**Stored items from a collection**:
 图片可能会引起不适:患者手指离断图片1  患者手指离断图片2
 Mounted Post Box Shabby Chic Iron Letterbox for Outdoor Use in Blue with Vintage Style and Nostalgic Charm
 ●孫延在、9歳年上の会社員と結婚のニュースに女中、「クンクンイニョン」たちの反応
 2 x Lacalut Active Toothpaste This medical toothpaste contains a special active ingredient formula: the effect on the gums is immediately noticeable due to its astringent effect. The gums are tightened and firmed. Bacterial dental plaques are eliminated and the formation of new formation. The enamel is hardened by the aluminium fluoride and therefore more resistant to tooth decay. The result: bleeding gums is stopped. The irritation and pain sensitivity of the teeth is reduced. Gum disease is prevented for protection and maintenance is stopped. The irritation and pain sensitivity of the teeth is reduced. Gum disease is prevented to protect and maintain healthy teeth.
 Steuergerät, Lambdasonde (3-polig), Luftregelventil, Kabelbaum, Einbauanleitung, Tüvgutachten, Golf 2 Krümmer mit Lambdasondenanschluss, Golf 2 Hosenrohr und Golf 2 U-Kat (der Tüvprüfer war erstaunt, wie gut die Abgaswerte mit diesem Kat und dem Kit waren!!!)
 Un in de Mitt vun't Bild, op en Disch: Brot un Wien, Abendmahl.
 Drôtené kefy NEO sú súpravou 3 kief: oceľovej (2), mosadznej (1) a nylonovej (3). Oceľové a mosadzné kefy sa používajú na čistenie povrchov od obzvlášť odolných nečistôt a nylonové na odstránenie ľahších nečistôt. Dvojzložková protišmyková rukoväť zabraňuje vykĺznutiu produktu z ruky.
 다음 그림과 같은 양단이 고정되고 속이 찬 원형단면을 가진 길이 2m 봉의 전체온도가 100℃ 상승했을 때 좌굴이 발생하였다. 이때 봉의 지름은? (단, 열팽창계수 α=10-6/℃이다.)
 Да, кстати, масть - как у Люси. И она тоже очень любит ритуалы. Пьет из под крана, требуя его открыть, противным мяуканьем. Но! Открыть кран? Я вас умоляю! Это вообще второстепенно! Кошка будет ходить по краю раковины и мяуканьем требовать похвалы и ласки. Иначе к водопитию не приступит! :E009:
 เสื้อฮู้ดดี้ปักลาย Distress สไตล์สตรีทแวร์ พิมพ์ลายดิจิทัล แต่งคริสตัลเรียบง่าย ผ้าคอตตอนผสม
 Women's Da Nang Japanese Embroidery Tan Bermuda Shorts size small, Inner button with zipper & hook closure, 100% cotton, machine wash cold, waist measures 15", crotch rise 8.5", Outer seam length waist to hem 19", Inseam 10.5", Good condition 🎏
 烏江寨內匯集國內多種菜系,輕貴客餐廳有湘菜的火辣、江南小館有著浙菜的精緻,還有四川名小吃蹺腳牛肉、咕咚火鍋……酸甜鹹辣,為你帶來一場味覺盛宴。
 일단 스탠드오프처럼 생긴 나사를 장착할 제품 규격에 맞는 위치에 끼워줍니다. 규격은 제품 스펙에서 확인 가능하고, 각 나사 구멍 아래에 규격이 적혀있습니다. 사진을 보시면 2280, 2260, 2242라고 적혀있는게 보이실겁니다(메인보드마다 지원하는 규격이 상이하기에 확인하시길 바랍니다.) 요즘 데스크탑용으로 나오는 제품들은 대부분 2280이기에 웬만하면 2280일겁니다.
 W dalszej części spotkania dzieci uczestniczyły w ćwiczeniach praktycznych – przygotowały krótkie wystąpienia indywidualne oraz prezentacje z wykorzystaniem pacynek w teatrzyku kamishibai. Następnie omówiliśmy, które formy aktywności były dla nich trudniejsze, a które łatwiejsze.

**What you are asked to do**: Set every record down again, exactly as given.

**Problem solution**:
 图片可能会引起不适:患者手指离断图片1  患者手指离断图片2
 Mounted Post Box Shabby Chic Iron Letterbox for Outdoor Use in Blue with Vintage Style and Nostalgic Charm
 ●孫延在、9歳年上の会社員と結婚のニュースに女中、「クンクンイニョン」たちの反応
 2 x Lacalut Active Toothpaste This medical toothpaste contains a special active ingredient formula: the effect on the gums is immediately noticeable due to its astringent effect. The gums are tightened and firmed. Bacterial dental plaques are eliminated and the formation of new formation. The enamel is hardened by the aluminium fluoride and therefore more resistant to tooth decay. The result: bleeding gums is stopped. The irritation and pain sensitivity of the teeth is reduced. Gum disease is prevented for protection and maintenance is stopped. The irritation and pain sensitivity of the teeth is reduced. Gum disease is prevented to protect and maintain healthy teeth.
 Steuergerät, Lambdasonde (3-polig), Luftregelventil, Kabelbaum, Einbauanleitung, Tüvgutachten, Golf 2 Krümmer mit Lambdasondenanschluss, Golf 2 Hosenrohr und Golf 2 U-Kat (der Tüvprüfer war erstaunt, wie gut die Abgaswerte mit diesem Kat und dem Kit waren!!!)
 Un in de Mitt vun't Bild, op en Disch: Brot un Wien, Abendmahl.
 Drôtené kefy NEO sú súpravou 3 kief: oceľovej (2), mosadznej (1) a nylonovej (3). Oceľové a mosadzné kefy sa používajú na čistenie povrchov od obzvlášť odolných nečistôt a nylonové na odstránenie ľahších nečistôt. Dvojzložková protišmyková rukoväť zabraňuje vykĺznutiu produktu z ruky.
 다음 그림과 같은 양단이 고정되고 속이 찬 원형단면을 가진 길이 2m 봉의 전체온도가 100℃ 상승했을 때 좌굴이 발생하였다. 이때 봉의 지름은? (단, 열팽창계수 α=10-6/℃이다.)
 Да, кстати, масть - как у Люси. И она тоже очень любит ритуалы. Пьет из под крана, требуя его открыть, противным мяуканьем. Но! Открыть кран? Я вас умоляю! Это вообще второстепенно! Кошка будет ходить по краю раковины и мяуканьем требовать похвалы и ласки. Иначе к водопитию не приступит! :E009:
 เสื้อฮู้ดดี้ปักลาย Distress สไตล์สตรีทแวร์ พิมพ์ลายดิจิทัล แต่งคริสตัลเรียบง่าย ผ้าคอตตอนผสม
 Women's Da Nang Japanese Embroidery Tan Bermuda Shorts size small, Inner button with zipper & hook closure, 100% cotton, machine wash cold, waist measures 15", crotch rise 8.5", Outer seam length waist to hem 19", Inseam 10.5", Good condition 🎏
 烏江寨內匯集國內多種菜系,輕貴客餐廳有湘菜的火辣、江南小館有著浙菜的精緻,還有四川名小吃蹺腳牛肉、咕咚火鍋……酸甜鹹辣,為你帶來一場味覺盛宴。
 일단 스탠드오프처럼 생긴 나사를 장착할 제품 규격에 맞는 위치에 끼워줍니다. 규격은 제품 스펙에서 확인 가능하고, 각 나사 구멍 아래에 규격이 적혀있습니다. 사진을 보시면 2280, 2260, 2242라고 적혀있는게 보이실겁니다(메인보드마다 지원하는 규격이 상이하기에 확인하시길 바랍니다.) 요즘 데스크탑용으로 나오는 제품들은 대부분 2280이기에 웬만하면 2280일겁니다.
 W dalszej części spotkania dzieci uczestniczyły w ćwiczeniach praktycznych – przygotowały krótkie wystąpienia indywidualne oraz prezentacje z wykorzystaniem pacynek w teatrzyku kamishibai. Następnie omówiliśmy, które formy aktywności były dla nich trudniejsze, a które łatwiejsze.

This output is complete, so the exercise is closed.